--- EXERCISE OBJECTIVE ---
Go to the line below containing "Oplev vores Klistermærke" and print exactly from there through the line containing "成都到青城山有很多动车班次,我们买的12", both included. Print nothing else.

--- MATERIAL PROVIDED ---

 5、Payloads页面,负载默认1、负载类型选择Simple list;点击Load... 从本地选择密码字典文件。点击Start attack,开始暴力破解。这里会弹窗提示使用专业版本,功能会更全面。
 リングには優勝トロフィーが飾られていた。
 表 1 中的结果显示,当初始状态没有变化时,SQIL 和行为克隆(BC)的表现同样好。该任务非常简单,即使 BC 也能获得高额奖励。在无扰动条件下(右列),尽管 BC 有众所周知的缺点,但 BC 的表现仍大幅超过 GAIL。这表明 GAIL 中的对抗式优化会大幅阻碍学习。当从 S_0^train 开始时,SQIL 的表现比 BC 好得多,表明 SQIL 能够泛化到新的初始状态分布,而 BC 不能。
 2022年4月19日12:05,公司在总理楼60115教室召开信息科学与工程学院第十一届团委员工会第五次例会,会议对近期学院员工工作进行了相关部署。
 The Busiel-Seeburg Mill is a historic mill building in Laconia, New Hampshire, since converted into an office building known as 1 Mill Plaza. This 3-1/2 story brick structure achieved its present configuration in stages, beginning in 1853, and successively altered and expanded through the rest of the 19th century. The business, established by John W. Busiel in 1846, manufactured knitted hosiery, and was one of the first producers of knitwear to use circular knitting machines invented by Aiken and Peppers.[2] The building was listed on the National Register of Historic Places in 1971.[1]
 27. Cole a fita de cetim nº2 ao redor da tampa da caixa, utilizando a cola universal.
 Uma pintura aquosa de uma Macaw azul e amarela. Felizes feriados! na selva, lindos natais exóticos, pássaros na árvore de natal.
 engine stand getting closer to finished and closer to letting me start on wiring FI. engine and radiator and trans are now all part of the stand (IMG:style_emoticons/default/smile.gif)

...

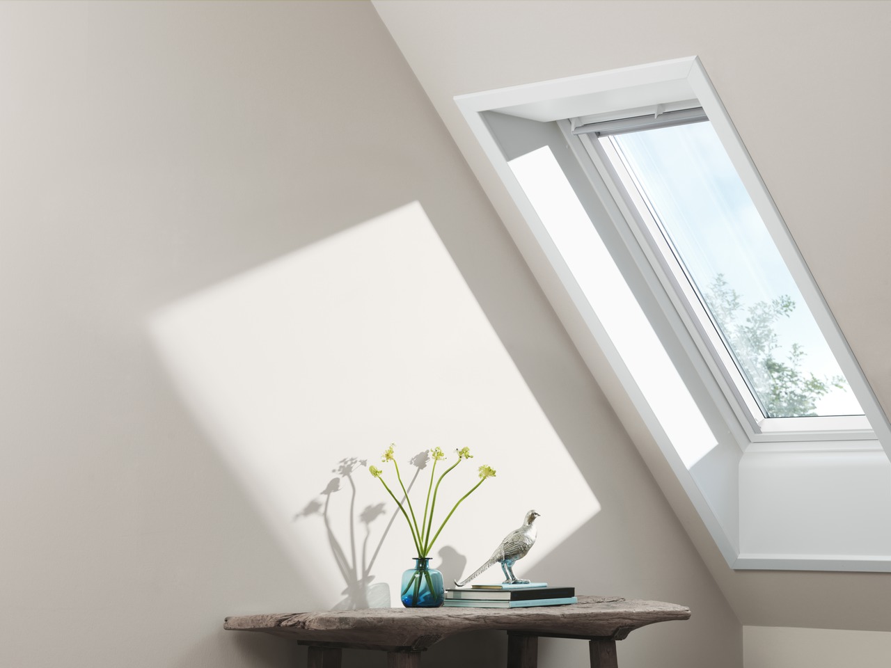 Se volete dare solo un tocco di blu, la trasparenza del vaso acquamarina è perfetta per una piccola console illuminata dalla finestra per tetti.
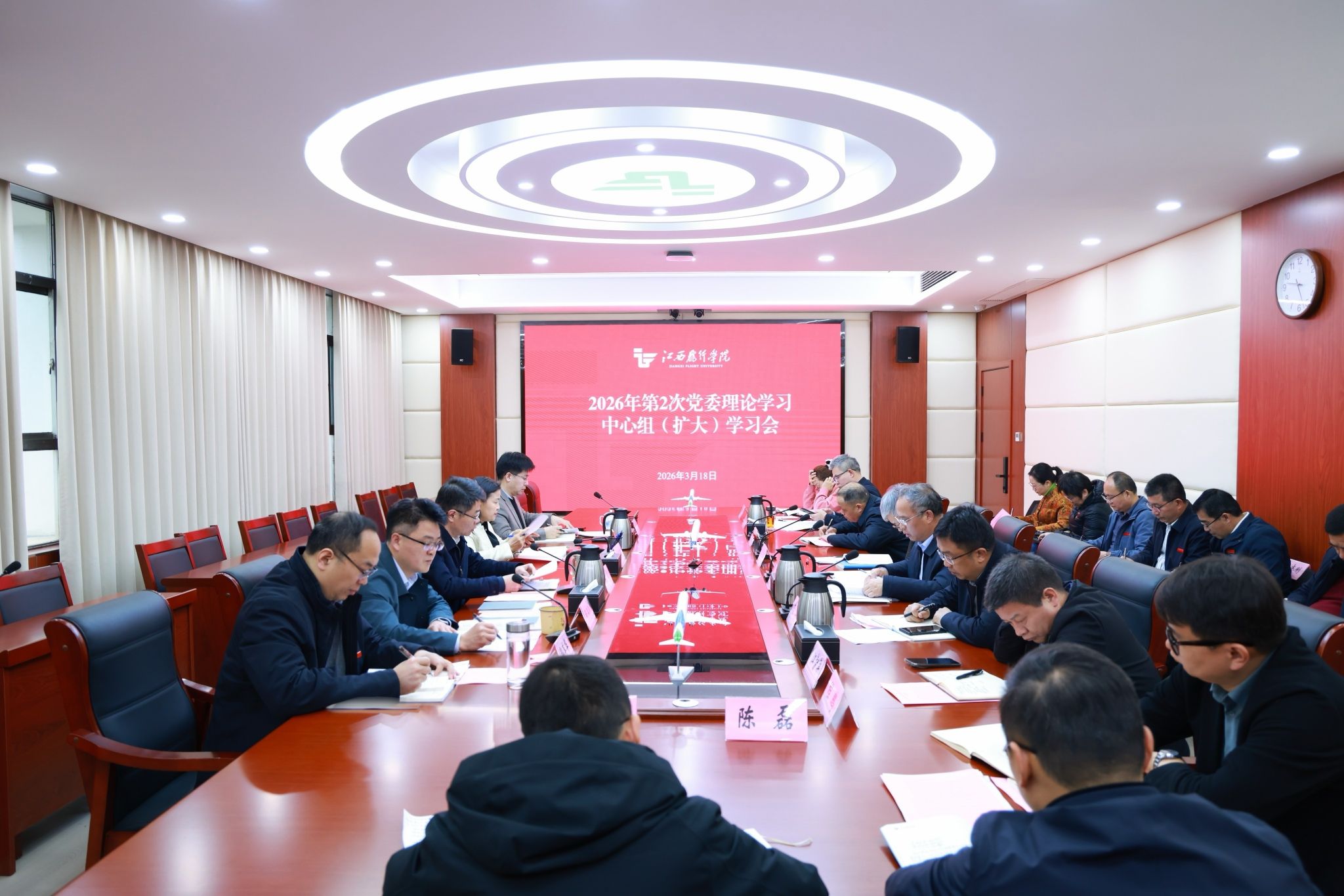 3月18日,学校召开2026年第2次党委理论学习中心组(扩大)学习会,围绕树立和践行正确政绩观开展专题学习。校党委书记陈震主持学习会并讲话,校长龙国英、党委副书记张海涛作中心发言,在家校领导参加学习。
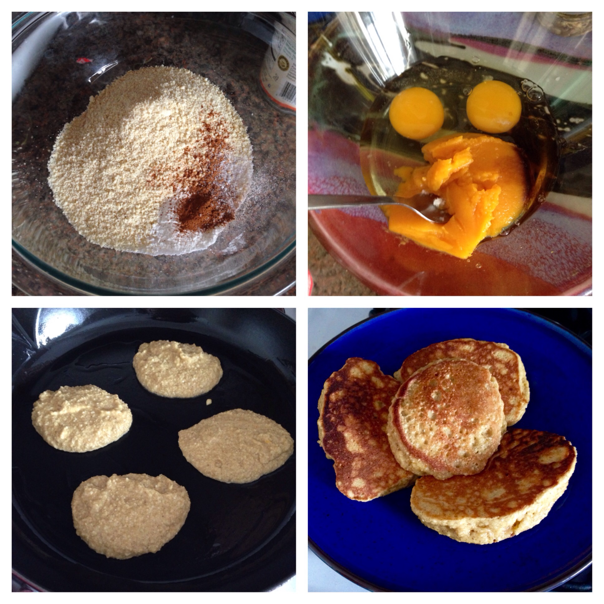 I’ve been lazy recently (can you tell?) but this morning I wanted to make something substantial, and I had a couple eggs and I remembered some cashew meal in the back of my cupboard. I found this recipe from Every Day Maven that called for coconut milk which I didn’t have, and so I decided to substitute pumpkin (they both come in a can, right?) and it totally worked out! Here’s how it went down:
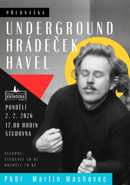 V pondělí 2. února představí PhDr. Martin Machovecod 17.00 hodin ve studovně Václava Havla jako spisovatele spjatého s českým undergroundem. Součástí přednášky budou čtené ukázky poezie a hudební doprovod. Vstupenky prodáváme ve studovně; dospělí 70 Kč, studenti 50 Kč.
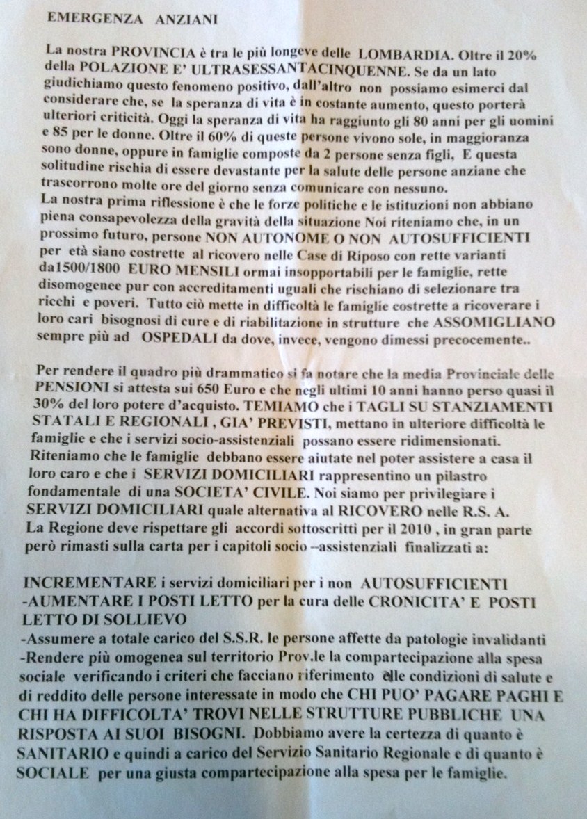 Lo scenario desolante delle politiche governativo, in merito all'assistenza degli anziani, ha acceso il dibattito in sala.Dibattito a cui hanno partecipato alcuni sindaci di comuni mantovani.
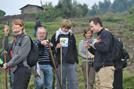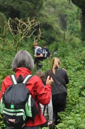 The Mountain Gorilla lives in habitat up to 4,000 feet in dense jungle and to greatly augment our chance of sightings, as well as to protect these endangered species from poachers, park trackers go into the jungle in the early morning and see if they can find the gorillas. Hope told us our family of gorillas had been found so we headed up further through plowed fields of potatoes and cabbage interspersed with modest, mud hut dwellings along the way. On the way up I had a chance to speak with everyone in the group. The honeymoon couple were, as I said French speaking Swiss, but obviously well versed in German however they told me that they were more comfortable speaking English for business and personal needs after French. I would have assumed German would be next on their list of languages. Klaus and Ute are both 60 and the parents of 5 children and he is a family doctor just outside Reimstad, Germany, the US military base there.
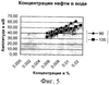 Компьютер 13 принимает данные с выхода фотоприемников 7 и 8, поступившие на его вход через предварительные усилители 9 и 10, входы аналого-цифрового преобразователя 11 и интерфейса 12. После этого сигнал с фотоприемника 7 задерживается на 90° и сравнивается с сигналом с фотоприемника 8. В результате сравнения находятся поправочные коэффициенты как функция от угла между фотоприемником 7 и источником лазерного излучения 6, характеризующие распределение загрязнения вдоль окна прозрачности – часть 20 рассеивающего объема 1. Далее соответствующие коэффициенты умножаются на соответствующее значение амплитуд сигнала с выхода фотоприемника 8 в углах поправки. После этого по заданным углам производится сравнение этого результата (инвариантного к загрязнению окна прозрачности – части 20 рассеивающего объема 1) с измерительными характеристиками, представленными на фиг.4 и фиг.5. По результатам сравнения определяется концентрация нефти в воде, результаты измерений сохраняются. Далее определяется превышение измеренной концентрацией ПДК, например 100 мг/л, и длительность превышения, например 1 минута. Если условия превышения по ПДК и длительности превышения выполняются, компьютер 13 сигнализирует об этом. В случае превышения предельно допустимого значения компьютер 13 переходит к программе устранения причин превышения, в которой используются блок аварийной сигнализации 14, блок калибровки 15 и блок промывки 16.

* * *

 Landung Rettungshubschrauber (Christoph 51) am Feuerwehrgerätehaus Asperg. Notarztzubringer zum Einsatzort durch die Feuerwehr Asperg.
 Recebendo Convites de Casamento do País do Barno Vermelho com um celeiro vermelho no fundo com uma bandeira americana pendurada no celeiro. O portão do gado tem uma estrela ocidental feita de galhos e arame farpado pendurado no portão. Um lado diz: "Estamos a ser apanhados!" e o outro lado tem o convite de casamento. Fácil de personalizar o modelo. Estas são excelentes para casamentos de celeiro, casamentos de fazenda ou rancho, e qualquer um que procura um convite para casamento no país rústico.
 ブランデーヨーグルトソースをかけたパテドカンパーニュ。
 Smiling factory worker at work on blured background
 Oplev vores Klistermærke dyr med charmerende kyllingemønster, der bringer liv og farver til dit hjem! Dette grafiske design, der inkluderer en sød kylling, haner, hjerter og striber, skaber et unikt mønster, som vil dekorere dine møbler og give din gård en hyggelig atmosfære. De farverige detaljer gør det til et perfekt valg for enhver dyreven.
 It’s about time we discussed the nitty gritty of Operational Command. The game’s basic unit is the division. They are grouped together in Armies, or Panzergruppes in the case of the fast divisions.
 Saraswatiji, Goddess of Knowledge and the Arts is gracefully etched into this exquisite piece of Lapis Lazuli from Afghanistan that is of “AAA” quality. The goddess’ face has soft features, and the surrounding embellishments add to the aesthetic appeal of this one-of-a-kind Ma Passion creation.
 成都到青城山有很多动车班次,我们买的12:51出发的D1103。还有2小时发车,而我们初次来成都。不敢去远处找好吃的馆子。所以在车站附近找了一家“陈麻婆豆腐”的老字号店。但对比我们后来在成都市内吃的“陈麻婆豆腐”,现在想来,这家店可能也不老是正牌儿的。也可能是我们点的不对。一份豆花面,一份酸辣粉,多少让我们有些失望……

--- ANSWER ---
 Oplev vores Klistermærke dyr med charmerende kyllingemønster, der bringer liv og farver til dit hjem! Dette grafiske design, der inkluderer en sød kylling, haner, hjerter og striber, skaber et unikt mønster, som vil dekorere dine møbler og give din gård en hyggelig atmosfære. De farverige detaljer gør det til et perfekt valg for enhver dyreven.
 It’s about time we discussed the nitty gritty of Operational Command. The game’s basic unit is the division. They are grouped together in Armies, or Panzergruppes in the case of the fast divisions.
 Saraswatiji, Goddess of Knowledge and the Arts is gracefully etched into this exquisite piece of Lapis Lazuli from Afghanistan that is of “AAA” quality. The goddess’ face has soft features, and the surrounding embellishments add to the aesthetic appeal of this one-of-a-kind Ma Passion creation.
 成都到青城山有很多动车班次,我们买的12:51出发的D1103。还有2小时发车,而我们初次来成都。不敢去远处找好吃的馆子。所以在车站附近找了一家“陈麻婆豆腐”的老字号店。但对比我们后来在成都市内吃的“陈麻婆豆腐”,现在想来,这家店可能也不老是正牌儿的。也可能是我们点的不对。一份豆花面,一份酸辣粉,多少让我们有些失望……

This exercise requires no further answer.